*** RECORDS PROVIDED ***

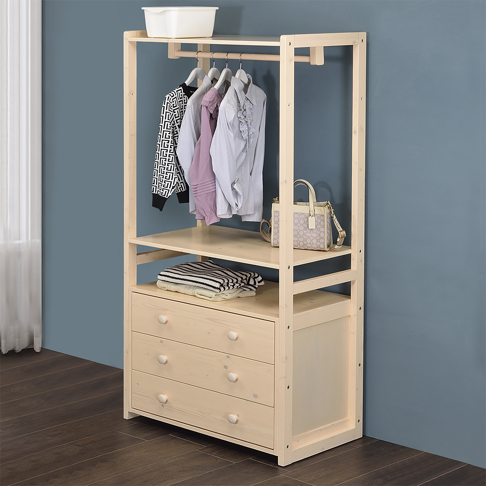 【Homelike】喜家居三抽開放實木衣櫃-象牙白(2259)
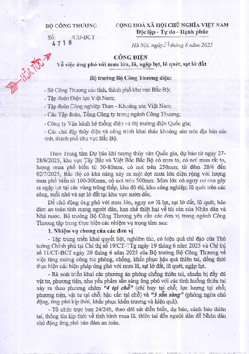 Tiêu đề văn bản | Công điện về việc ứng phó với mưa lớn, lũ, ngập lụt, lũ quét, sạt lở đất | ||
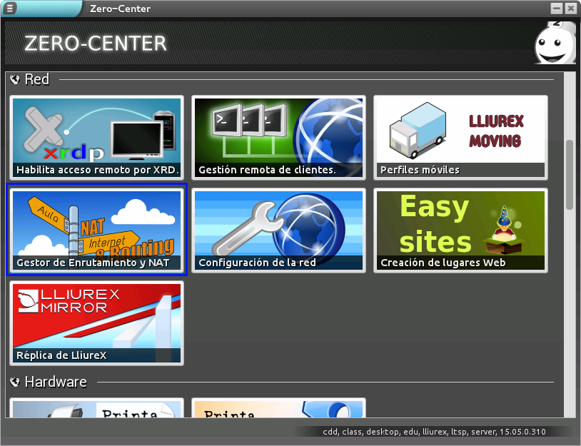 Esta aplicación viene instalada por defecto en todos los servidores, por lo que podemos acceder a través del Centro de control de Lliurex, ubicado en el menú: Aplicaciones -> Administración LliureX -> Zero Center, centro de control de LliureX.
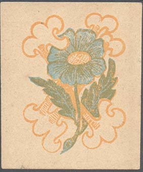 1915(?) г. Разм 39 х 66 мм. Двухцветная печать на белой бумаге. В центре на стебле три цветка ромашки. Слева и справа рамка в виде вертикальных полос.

*** End of RECORDS PROVIDED ***
*** RECORDS PROVIDED ***

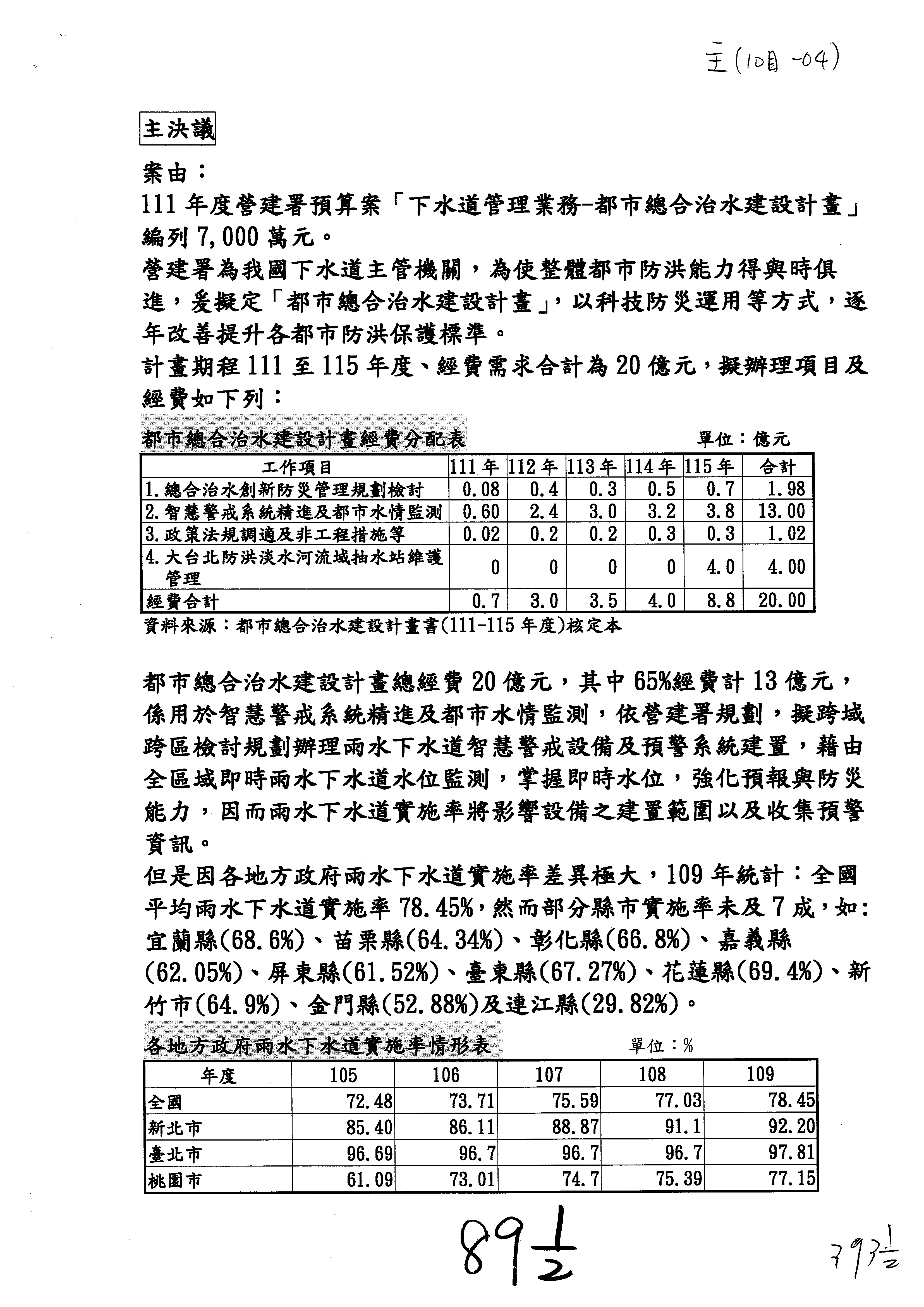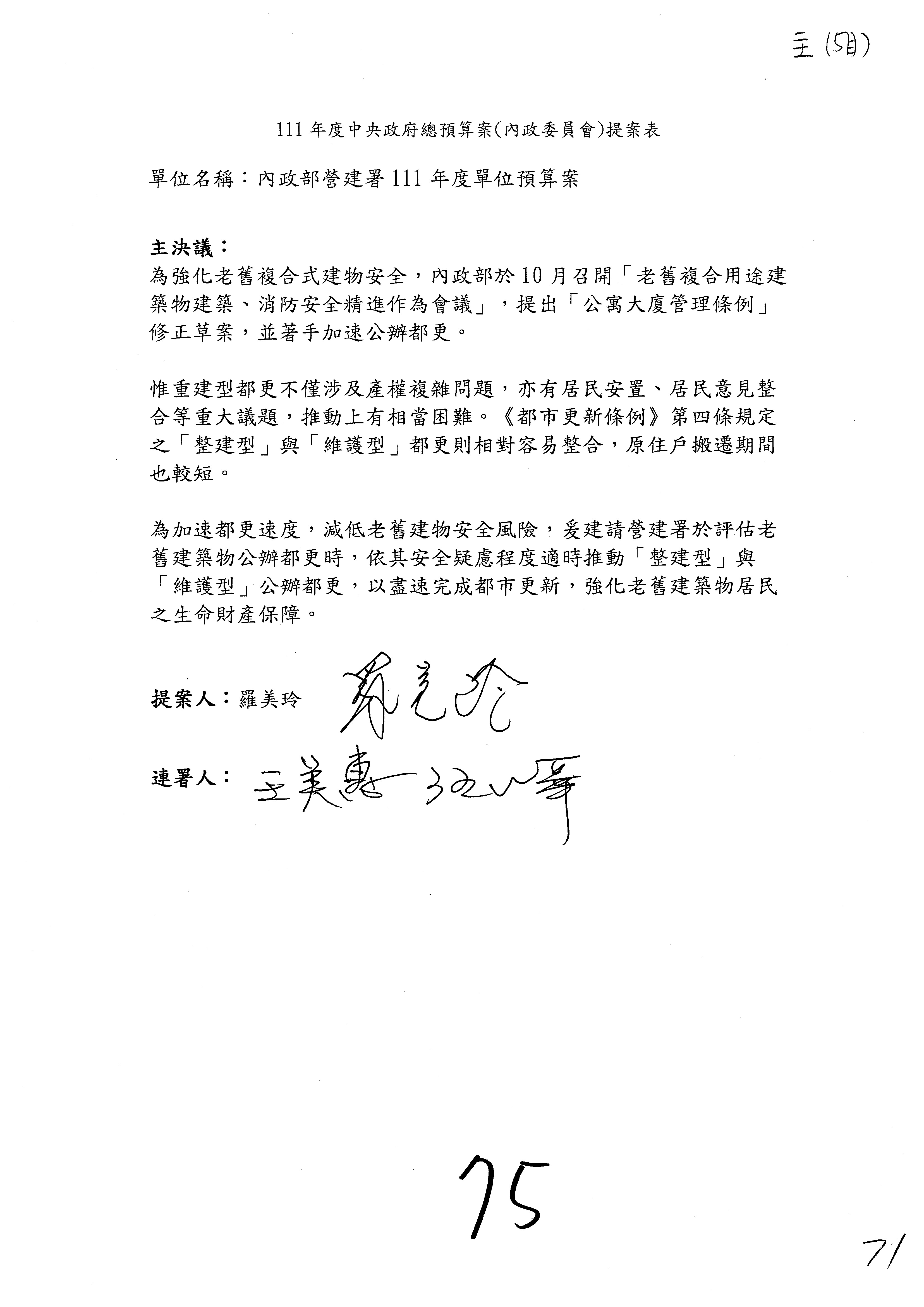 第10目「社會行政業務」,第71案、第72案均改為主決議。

*** End of RECORDS PROVIDED ***

§ WORK INSTRUCTION
The result should be an exact copy of only the lines above from the one that holds "Esta aplicación viene" through the one that holds "1915(?) г. Разм", both ends included, without pictures.

§ FINAL ANSWER
 Esta aplicación viene instalada por defecto en todos los servidores, por lo que podemos acceder a través del Centro de control de Lliurex, ubicado en el menú: Aplicaciones -> Administración LliureX -> Zero Center, centro de control de LliureX.
 1915(?) г. Разм 39 х 66 мм. Двухцветная печать на белой бумаге. В центре на стебле три цветка ромашки. Слева и справа рамка в виде вертикальных полос.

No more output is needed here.